• WORK ORDER:
Your reply should hold every entry below exactly as written and none of the pictures.

Source records:
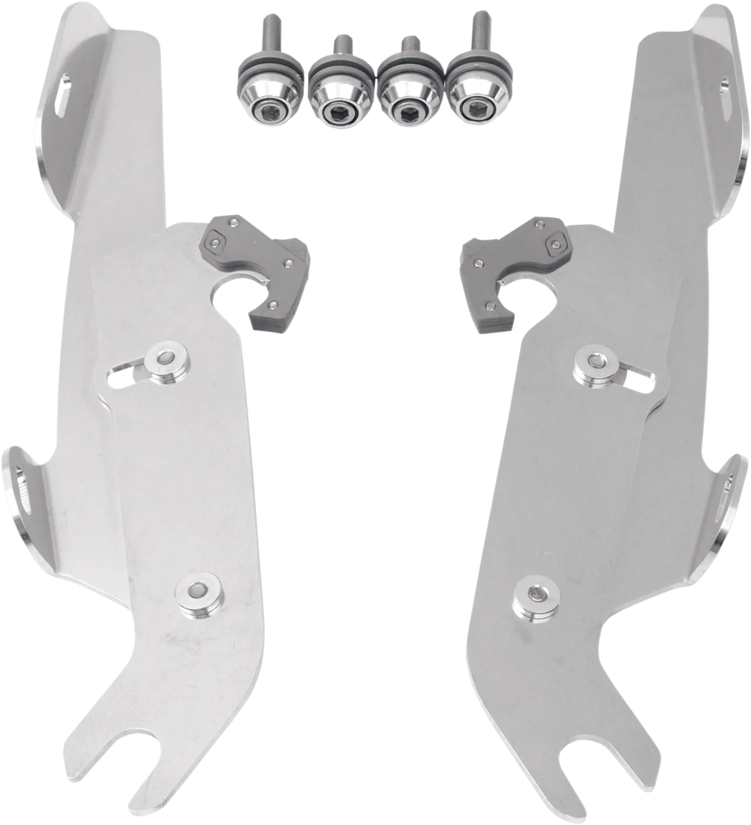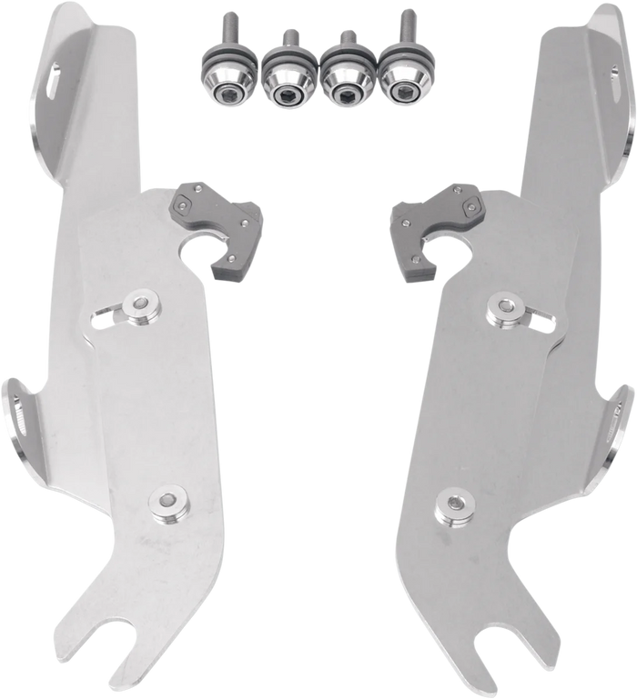 Angle Adjustable. Model specific no-hassle installation, then on-off without tools. A pair of glass-filled nylon latches lock it down until the spring loaded "Trigger-Locks" are intentionally disengaged. Made exclusively of electrocoated aluminum and stainless steel, with stainless steel fasteners. Anchoring hardware is the same for all windshields and fairings for each bike. Made in the U.S.A. - Made in Memphis!.
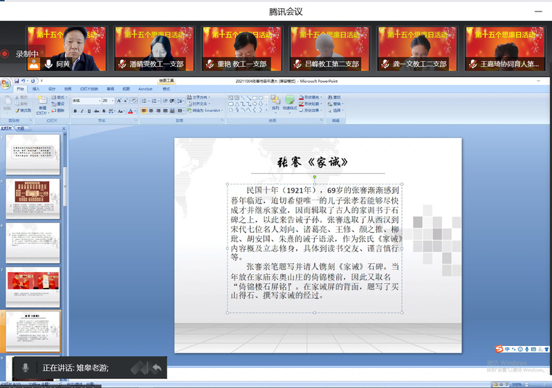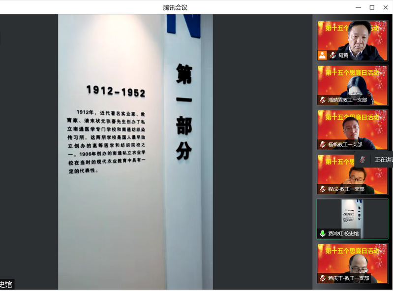 全体党员通过视频连线的方式,在讲解员的带领和介绍下参观了beat365英国官方网站校史馆和张謇教育馆,重温了beat365英国官方网站110年波澜壮阔的办学历史和先校长张謇先生的教育思想与伟业;邀请校史馆馆长万久富教授在线做了《张謇家风与文化传承》的主题报告,领略了张謇先生实业救国、教育救国的远大抱负和“勤学”、“诚信”、“廉公”的家风传承;组织全体党员集中在线观看了党风廉政教育专题片《折翼的青春》,让大家再次从举案说法说纪中得到了警示和启迪。
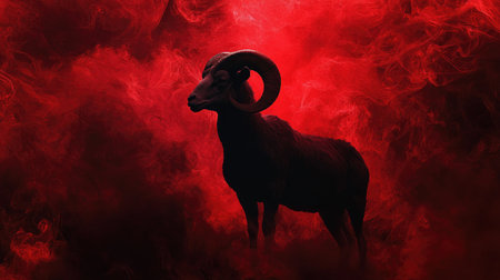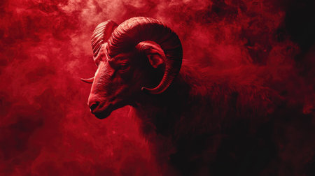 A powerful ram's silhouette stands tall against swirling red smoke, evoking mystery and strength.
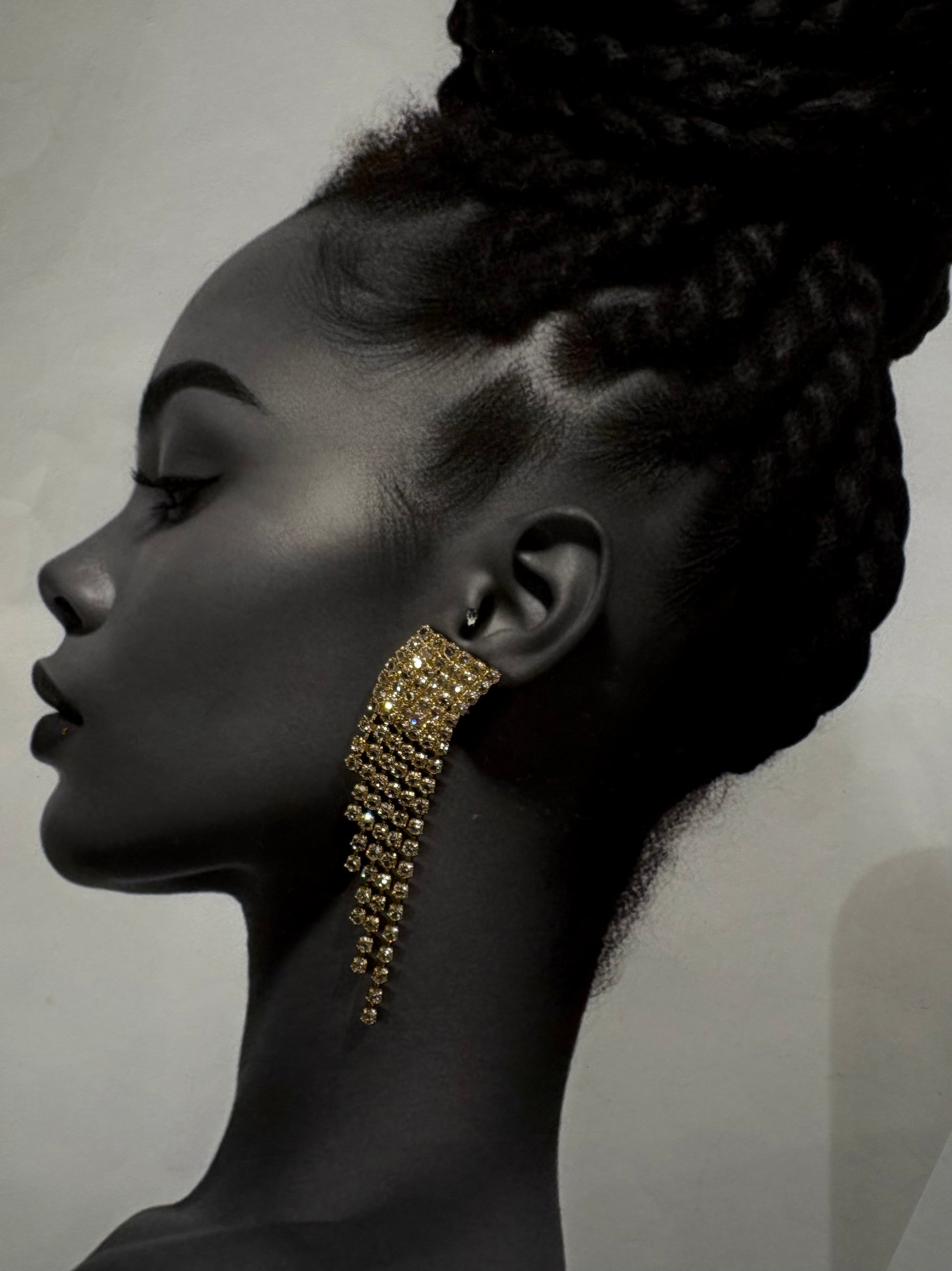 Το Golden Cascades είναι η επιτομή της high-fashion λάμψης. Ένα εντυπωσιακό waterfall σχέδιο με χρυσαφένιες πέτρες που κατεβαίνουν σε πολλαπλές σειρές, δημιουργώντας κίνηση, φως και μια αύρα που θυμίζει haute couture πασαρέλα.
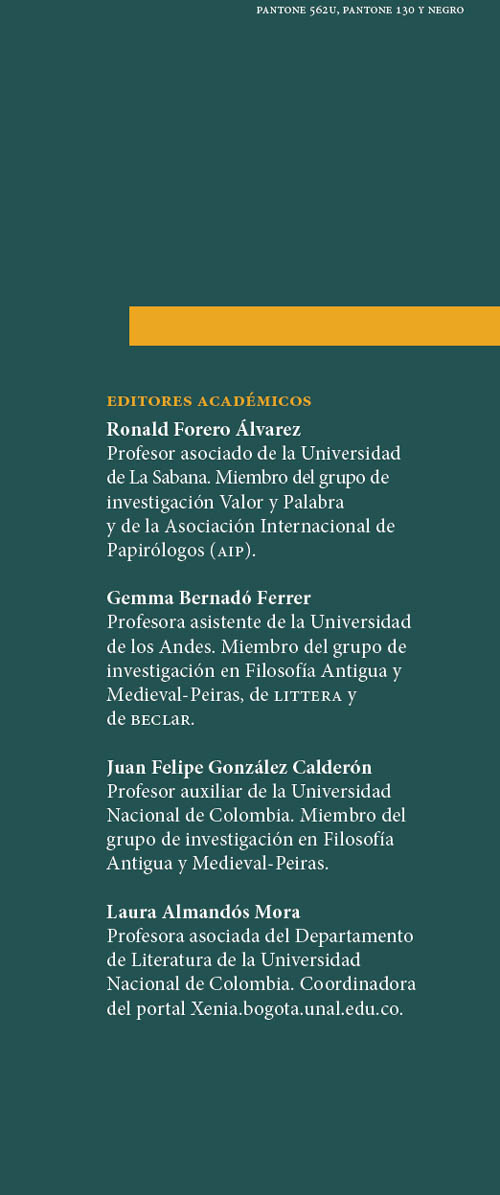 QUISIÉRAMOS AGRADECER A TODAS LAS PERSONAS QUE hicieron posible la publicación, desde los autores de los capítulos por el envío de sus contribuciones y su paciencia en el proceso de publicación hasta los miembros de los equipos editoriales de la Universidad de La Sabana, la Universidad Nacional de Colombia y la Universidad de los Andes. Asimismo, quisiéramos expresar a los profesores Jorge Enrique Rojas Otálora y David Konstan nuestro agradecimiento por su constante apoyo y motivación para la realización de este volumen colectivo, el cual nos permite tender un puente entre los clásicos y la actualidad, y de esta manera contribuir a la reflexión y al diálogo en torno a los problemas que nos rodean.
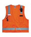 The GloWear 8249Z Surveyors Vest is an ANSI 107 Type R, Class 2 economy vest with a 3.6 oz polyester solid front and breathable 3.3 oz polyester mesh back. This hi-vis vest features 2" reflective tape for enhanced low-light visibility. With two interior and two exterior pockets, including a cell phone chest pocket, this vest provides ample storage for pens, notebooks, tablets and more. A single mic tab allows convenient radio access, and a zipper closure makes for easy on and off.
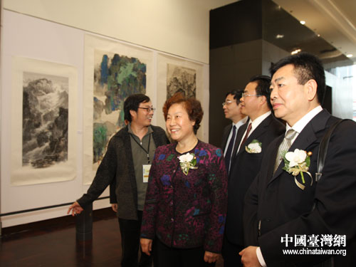 观赏书画展。图片来源:四川省台办 四川省诗书画院现代诗书画艺术展台北展场。图片来源:四川省台办 浏览更多各地涉台新闻
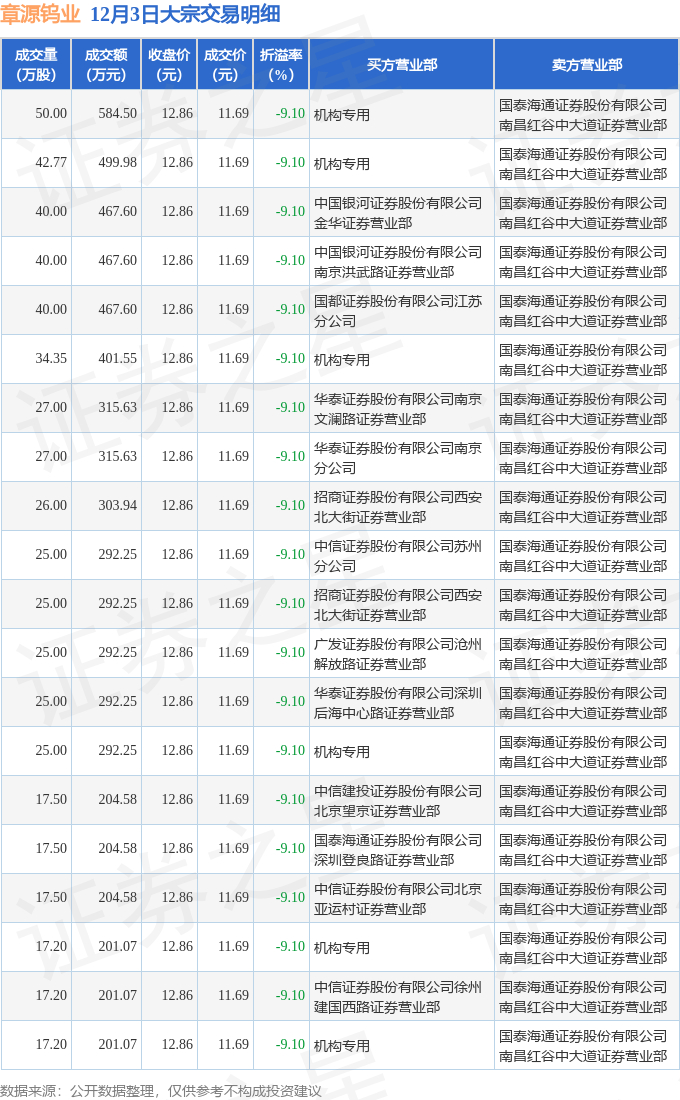 证券之星消息,12月3日章源钨业发生大宗交易,交易数据如下:
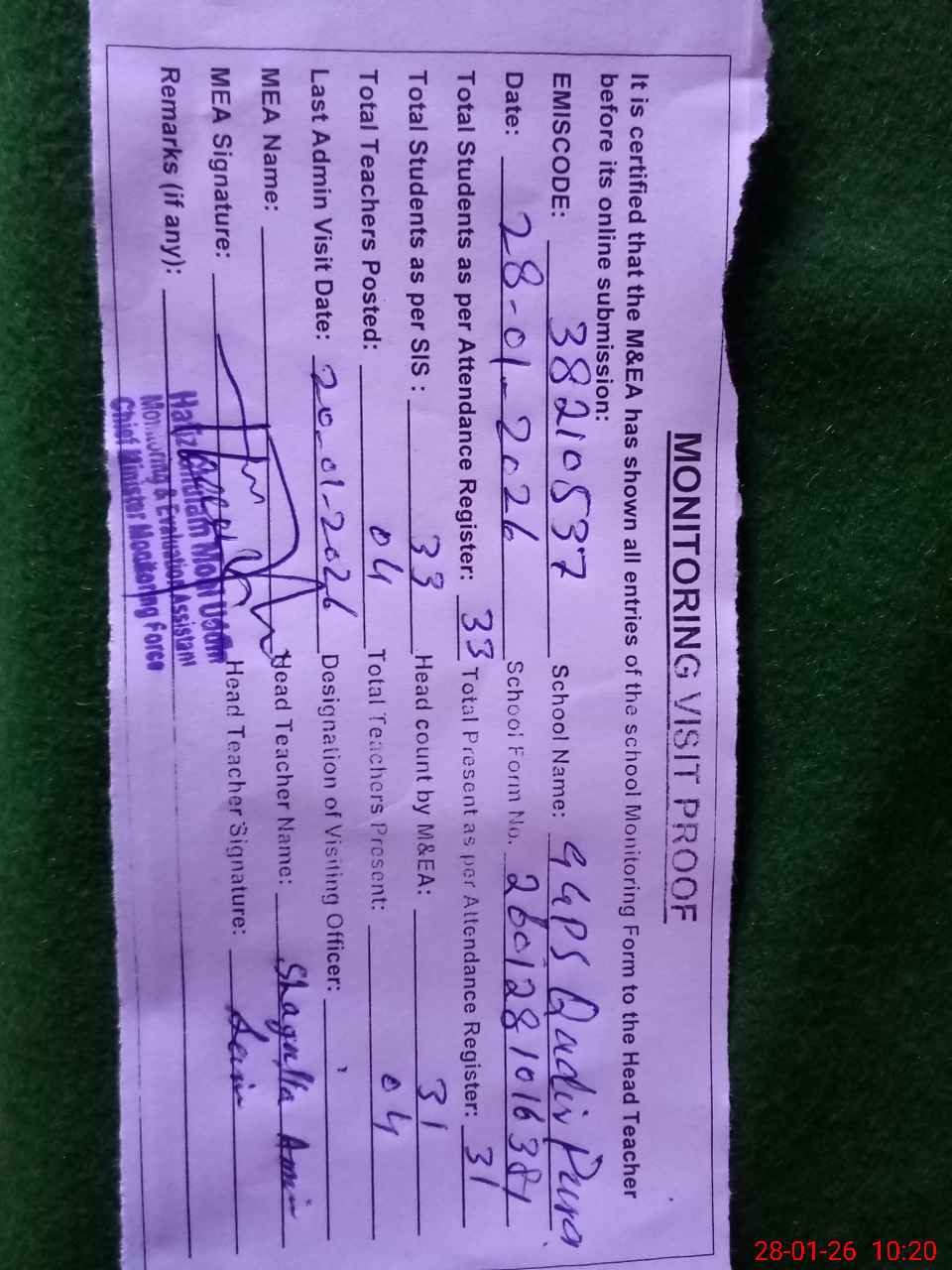 | EMIS Code: 38210537 | Name of School: GGPS QADIR PURA KHUSHAB | |||
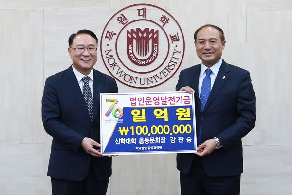[충청뉴스 이성현 기자] 학교법인 감리교학원은 목원대학교 신학대학 총동문회(회장 강판중)로부터 법인운영발전기금 1억원을 전달받았다고 29일 밝혔다.
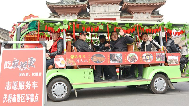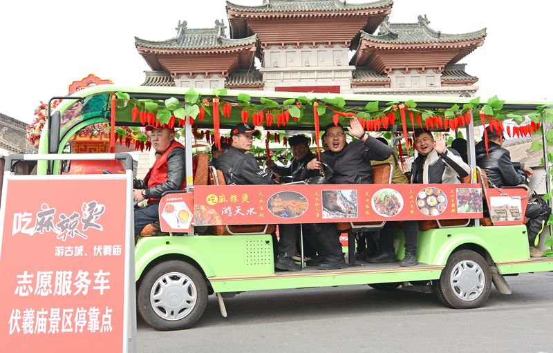 “天水麻辣烫”火爆以来,天水市奋力开展了一场“麻辣烫”长红与城市文明相互成就的“双向奔赴”,实现了流量经济、城市文明程度双提升。图为天水市组织的志愿服务车在伏羲庙接送外地游客。(天水市文明办供图)pagebreak

• SOLUTION FOR THIS PROBLEM:
 Angle Adjustable. Model specific no-hassle installation, then on-off without tools. A pair of glass-filled nylon latches lock it down until the spring loaded "Trigger-Locks" are intentionally disengaged. Made exclusively of electrocoated aluminum and stainless steel, with stainless steel fasteners. Anchoring hardware is the same for all windshields and fairings for each bike. Made in the U.S.A. - Made in Memphis!.
 全体党员通过视频连线的方式,在讲解员的带领和介绍下参观了beat365英国官方网站校史馆和张謇教育馆,重温了beat365英国官方网站110年波澜壮阔的办学历史和先校长张謇先生的教育思想与伟业;邀请校史馆馆长万久富教授在线做了《张謇家风与文化传承》的主题报告,领略了张謇先生实业救国、教育救国的远大抱负和“勤学”、“诚信”、“廉公”的家风传承;组织全体党员集中在线观看了党风廉政教育专题片《折翼的青春》,让大家再次从举案说法说纪中得到了警示和启迪。
 A powerful ram's silhouette stands tall against swirling red smoke, evoking mystery and strength.
 Το Golden Cascades είναι η επιτομή της high-fashion λάμψης. Ένα εντυπωσιακό waterfall σχέδιο με χρυσαφένιες πέτρες που κατεβαίνουν σε πολλαπλές σειρές, δημιουργώντας κίνηση, φως και μια αύρα που θυμίζει haute couture πασαρέλα.
 QUISIÉRAMOS AGRADECER A TODAS LAS PERSONAS QUE hicieron posible la publicación, desde los autores de los capítulos por el envío de sus contribuciones y su paciencia en el proceso de publicación hasta los miembros de los equipos editoriales de la Universidad de La Sabana, la Universidad Nacional de Colombia y la Universidad de los Andes. Asimismo, quisiéramos expresar a los profesores Jorge Enrique Rojas Otálora y David Konstan nuestro agradecimiento por su constante apoyo y motivación para la realización de este volumen colectivo, el cual nos permite tender un puente entre los clásicos y la actualidad, y de esta manera contribuir a la reflexión y al diálogo en torno a los problemas que nos rodean.
 The GloWear 8249Z Surveyors Vest is an ANSI 107 Type R, Class 2 economy vest with a 3.6 oz polyester solid front and breathable 3.3 oz polyester mesh back. This hi-vis vest features 2" reflective tape for enhanced low-light visibility. With two interior and two exterior pockets, including a cell phone chest pocket, this vest provides ample storage for pens, notebooks, tablets and more. A single mic tab allows convenient radio access, and a zipper closure makes for easy on and off.
 观赏书画展。图片来源:四川省台办 四川省诗书画院现代诗书画艺术展台北展场。图片来源:四川省台办 浏览更多各地涉台新闻
 证券之星消息,12月3日章源钨业发生大宗交易,交易数据如下:
 | EMIS Code: 38210537 | Name of School: GGPS QADIR PURA KHUSHAB | |||
[충청뉴스 이성현 기자] 학교법인 감리교학원은 목원대학교 신학대학 총동문회(회장 강판중)로부터 법인운영발전기금 1억원을 전달받았다고 29일 밝혔다.
 “天水麻辣烫”火爆以来,天水市奋力开展了一场“麻辣烫”长红与城市文明相互成就的“双向奔赴”,实现了流量经济、城市文明程度双提升。图为天水市组织的志愿服务车在伏羲庙接送外地游客。(天水市文明办供图)pagebreak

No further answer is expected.